Имя героини изменено в целях безопасности. Ее данные известны редакции.
«Бабки, к стене!»
После начала протестов минчанка Мария была в числе группы пенсионерок, которые проводили акции, поддерживали протест против фальсификации результатов выборов и осуждали задержания несогласных и насилие. Осенью 2021 года Марию тоже задержали, дома провели обыск, а потом предъявили ей участие в съемках видеоролика, который не понравился властям.
— В РУВД меня посадили в обезьянник. С мелкими воришками, пьяными, бездомными, которых тогда приводили, так не поступали. Видимо, я была более опасна для них, — вспоминает пенсионерка. — Потом поздно вечером меня и еще одну женщину повезли на Окрестина. Назавтра по видеосвязи был суд. Там в доказательство моей вины показали скриншот видео со стрелочкой на женщину — якобы это была я. Спрашиваю: «А ничего, что она ниже других, а я высокая? У нее узкие покатые плечи, а у меня прямые широкие?» Судья сказал, что это не имеет значения.
Марии тогда было за 60 лет. В этом возрасте ей довелось узнать, чем отличаются нары в ИВС и ЦИП. В первом они «удобные», объясняет женщина, потому что деревянные: на таких можно спать без матрасов, которые политическим тогда уже не давали. А в изоляторе — из металлических пластин. На таких спать почти невозможно. Перед этим женщине предстояло пройти еще одну стандартную процедуру для административно задержанных.
— Конвоир, который вел нас, все время говорил: «Бабки, к стене! Бабки, пошли!» Когда уже нас принимали в ЦИП, надо было раздеваться и приседать. Это такое унижение! Я сейчас это вспоминаю, и у меня слезы, — рассказывает Мария.
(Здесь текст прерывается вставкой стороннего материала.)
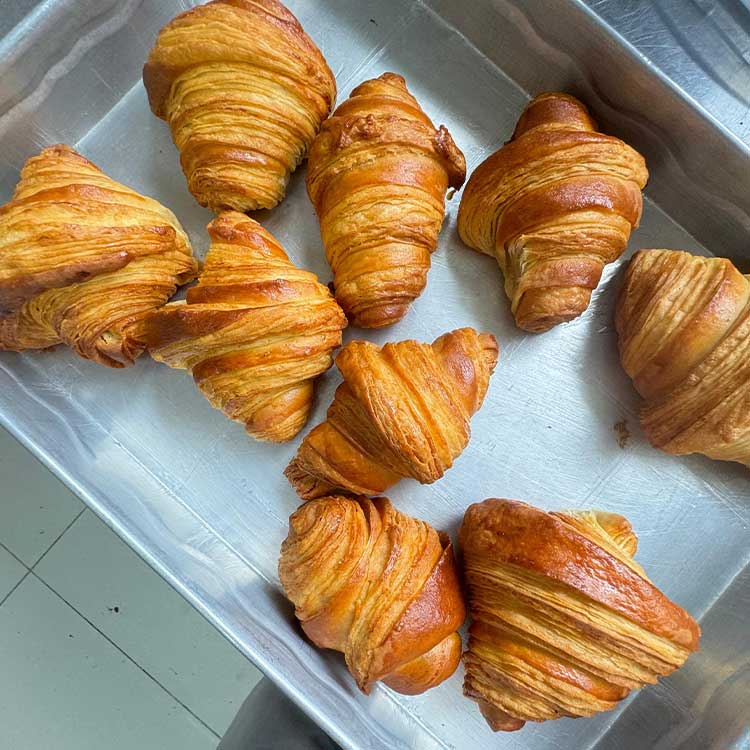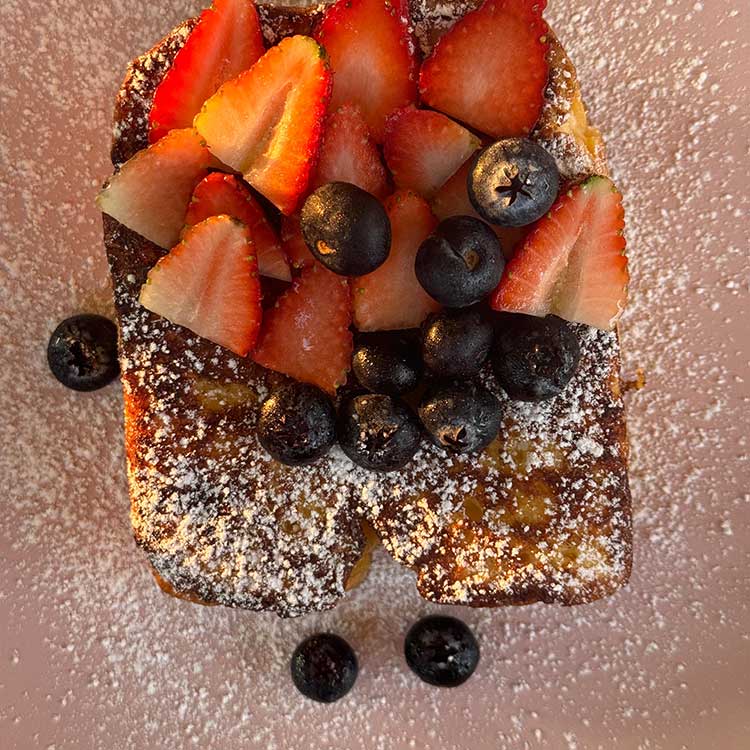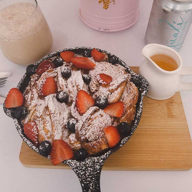 Croissant horneado diariamente en mezcla de tostadas francesas con fresas, arándanos, almendras fileteadas y espolvoreada con azúcar glass. Servidas en sartén de hierro.

Исключений из уважения к возрасту женщины сотрудники не делали.
«Днем конденсат стекал по стенам. Прямо каплями»
Дальше Марию и еще трех «новеньких» ждала двухместная камера, где уже сидели восемь женщин. Одна из них — бездомная, остальные — политические.
— Открывается камера, и оттуда, как из бани, жар какой-то. Смотришь — везде люди сидят. Казалось, что не хватит места просто зайти, — вспоминает увиденное собеседница. — По возрасту были разные: от 18 до 75 лет. Но встретили нас очень хорошо. У девочек было настроение бодрое, они нам все рассказали, потом поделились своим обедом и ужином, потому что нам в тот день еще, считалось, была не положена еда.
Так для минчанки начались будни на Окрестина в крошечной двухместной камере на 12 человек. Мария, как и сотни побывавших в изоляторе, вспоминает, что кормили «несъедобной кашей» на воде и без соли. Часто давали зеленые консервированные помидоры, которые тоже никто не ел. Еще было много хлеба в целлофановых пакетах. Его использовали вместо подушек, пока он не начинал плесневеть. Спали в основном на полу.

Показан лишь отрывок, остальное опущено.